HeyPuter / puter

🌐 The Internet OS! Free, Open-Source, and Self-Hostable.
https://puter.com
GNU Affero General Public License v3.0
26.75k stars 1.81k forks source link

Implement Server-Side Caching for AI API Inference Calls #792

Open recursionbane opened 1 month ago

recursionbane commented 1 month ago

To optimize response times and reduce API costs for Puter (especially if we increase context limits), could we implement a server-side caching mechanism for AI API inference calls? The cache would have a short Time-To-Live (TTL) of approximately 7 days and would be shared globally (user-independent). Caching should be keyed off the hash of the prompt and the selected model to maximize reuse.

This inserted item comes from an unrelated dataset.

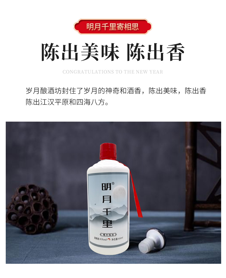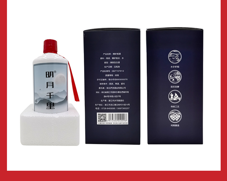 明月千里糯虾稻酒 潜江特产清香型白酒 45度2瓶*500ml礼盒装

Additionally, it would be helpful to provide an option to control caching behavior. By setting a from_cache boolean parameter to false, users could bypass the cache and repopulate it with fresh results for the current request.

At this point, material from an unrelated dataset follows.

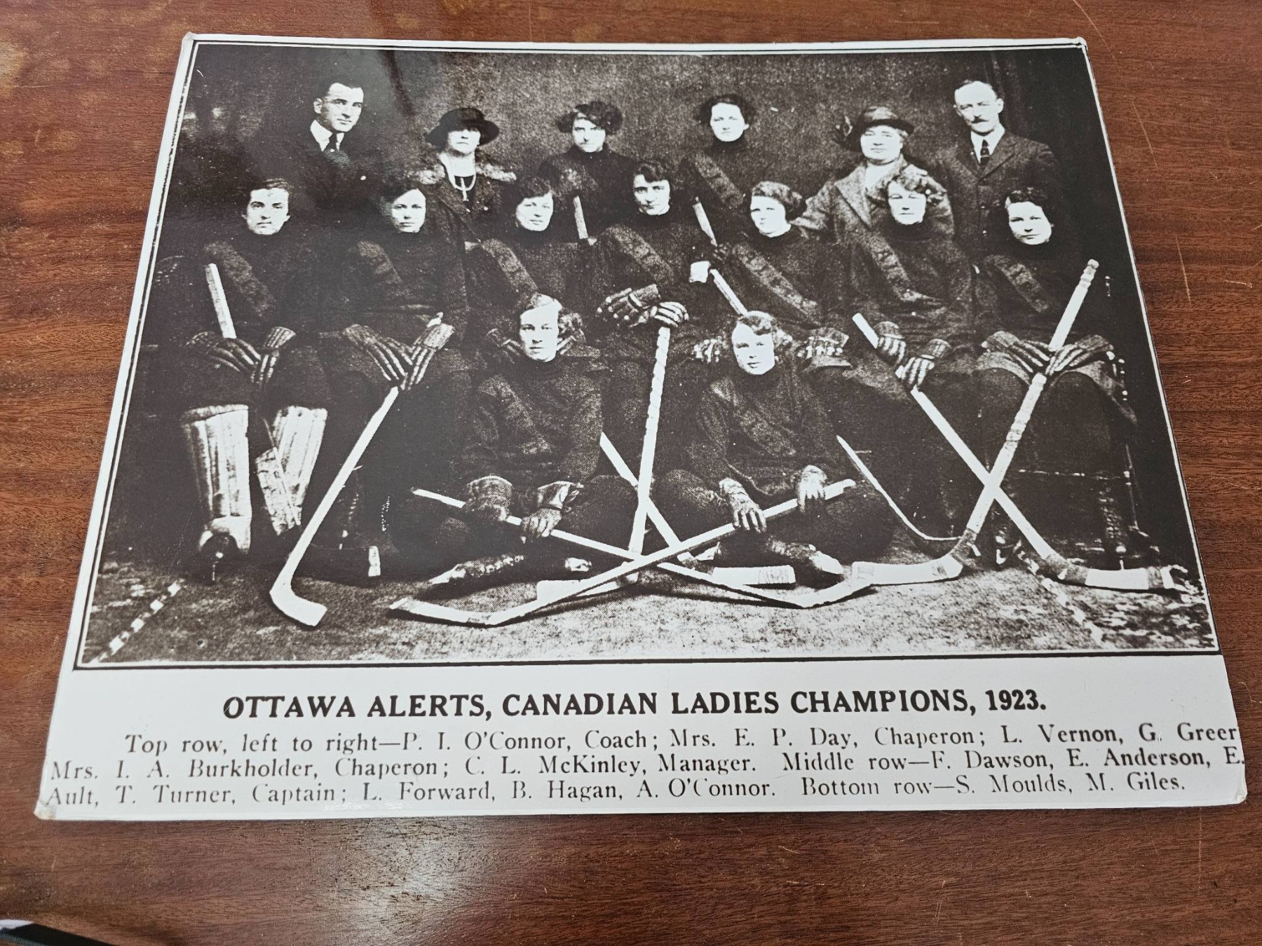 Ladies hockey team photographs and ephemera, including historic team portraits and modern photos. Items include a Cobalt-Timiskaming League Ladies Hockey Team photograph, an Ottawa Alerts Canadian Ladies Champions 1922 team portrait, and a collection of modern hockey imagery. Some wear and discoloration present due to age and handling.

In the response body, including a from_cache field (as an epoch timestamp) would indicate when the inference result was last cached. This field can be omitted if the response is generated and not from the cache.

Cached responses should not count towards inference rate limits.

Thank you for considering this enhancement!

KernelDeimos commented 3 weeks ago

Hi, thanks for your report!

This is on our radar - we actually discussed this during the initial implementation. TTL cache is very easy, but memory management for TTL cache of various different things (AI, filesystem, etc) across a distributed system (like production Puter)... that's a little less easy.

We can probably implement a database cache for this, but that will immediately become the largest type of data we pull from the database and might have ramifications for that reason.

We could cache responses as files on Puter's filesystem. This is probably the approach we will take first. In the meantime, I'll keep this issue open.